Henüz yedi yaşında yetmişlik dedesinin en az beş yaş önüne geçmesi için göz pınarları kurumuş hayırsızlar tarafından evvela itina ile gözleri yaşlandırılmış, kirpikleri Tuna'yı aratmamış, aratmayan dargınlara sorun, onlar tanır beni!
Gözlerine uzanan ellerinin "aya" isimli içlerine sırılsıklam gözlerinin o masmavi rengine baka baka; "nasır" denilen izler yerleştirilip, tek bir defa olsun nasıl diye sormasına müsaade edilmemiş yorgunlara sorun, onlar tanır beni!
Çıkar seçimleri için okşanan saçları çocuksu bir korkuyla esir edilip; "eğ, kaka" ifadesinden mahrum, itile kakıla kar beyaz mevsimlere sürgün edilmiş mazlumlara sorun, onlar tanır beni!

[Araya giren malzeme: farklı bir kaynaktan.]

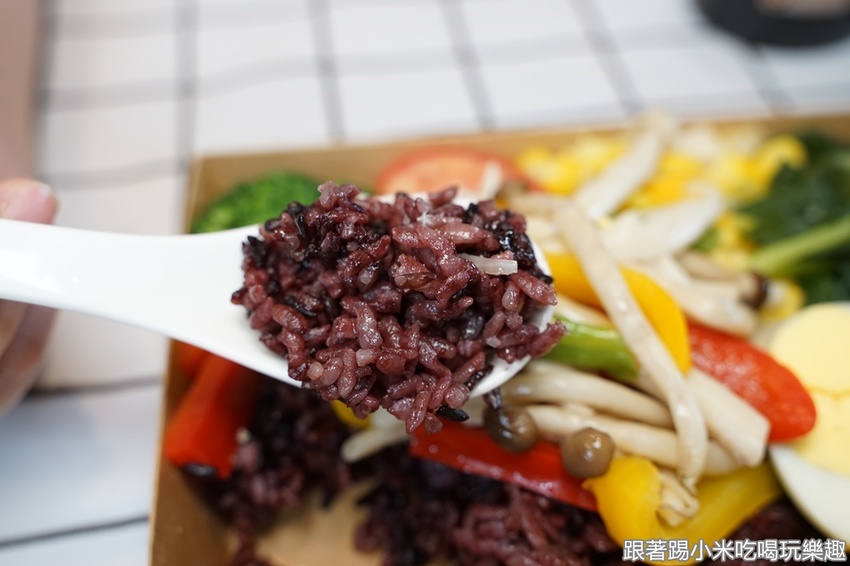 餐盒配的米飯可以選健康紅藜麥飯或紫米飯 ,也可以+60元換花椰菜米,如果不想吃澱粉類的女士們可以+20元換成生菜唷
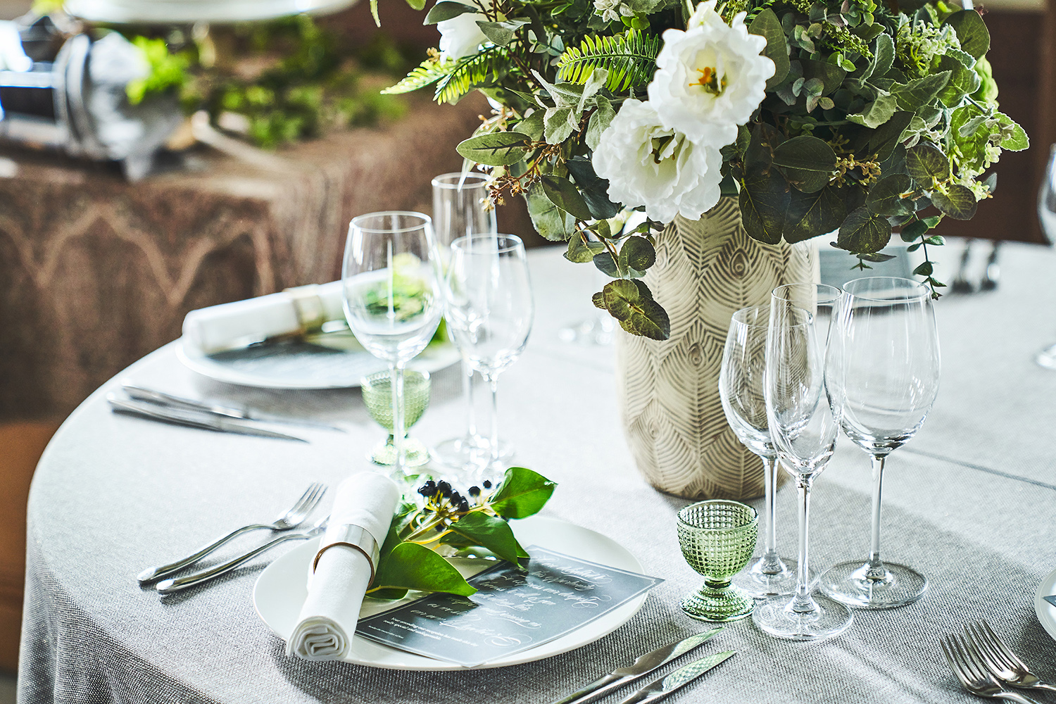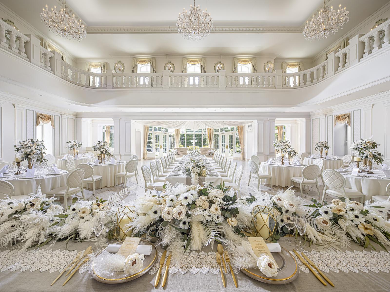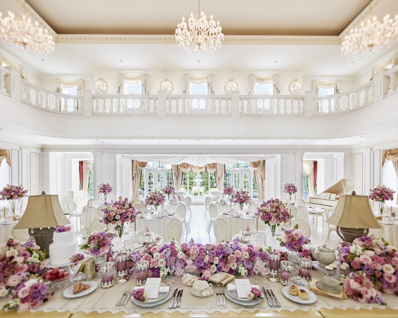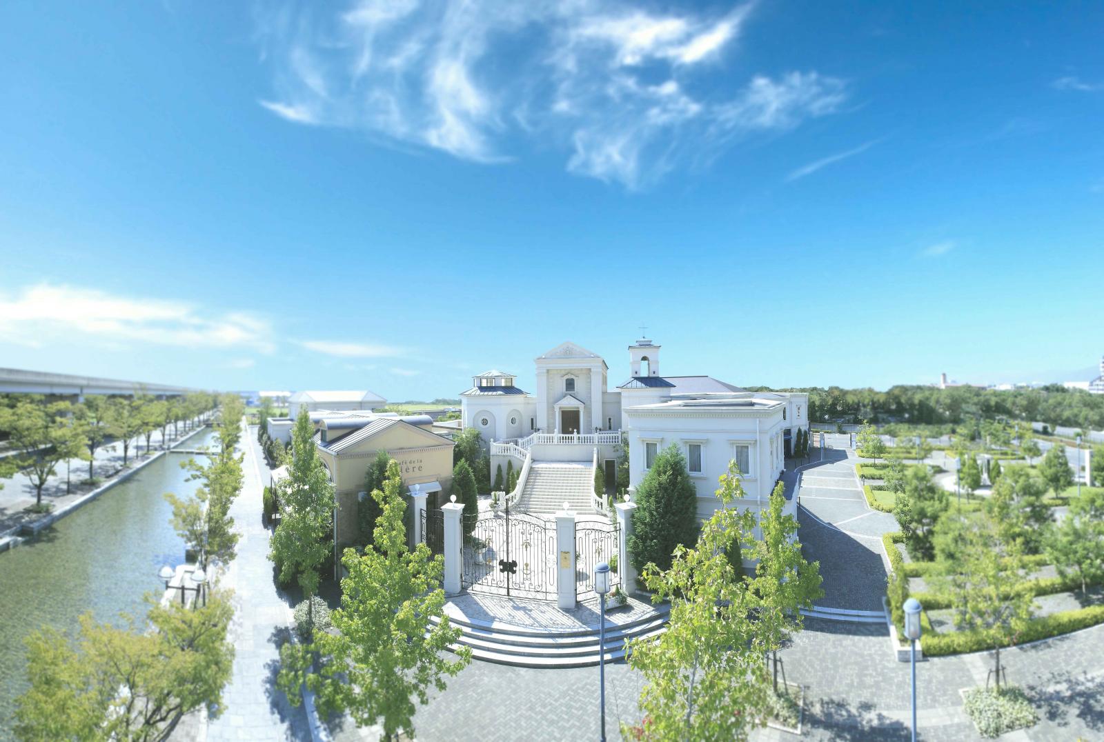 広大な敷地内には、白亜の大聖堂や緑あふれる独立型チャペル、ガーデンを備えた2つの邸宅と少人数専用会場が。リゾートのような空間が特別な1日を彩ります。

Dediğine kulak tıkanıp yediğine ise pür dikkat kesilmiş olan odakların; "odalarda ışıksız" esaret emirleri ile sarıp sarmalanan ve kahkahalar eşliğinde duman duman üflenen o menfaat ıslıklarına çaresizlik içinde kulaklarını tıkayıp; bir battaniye altında, tüm sorumluların anasına avradına söve söve cenin olup kıvrılan, gönlü kırılmış küskünlere sorun, onlar tanır beni!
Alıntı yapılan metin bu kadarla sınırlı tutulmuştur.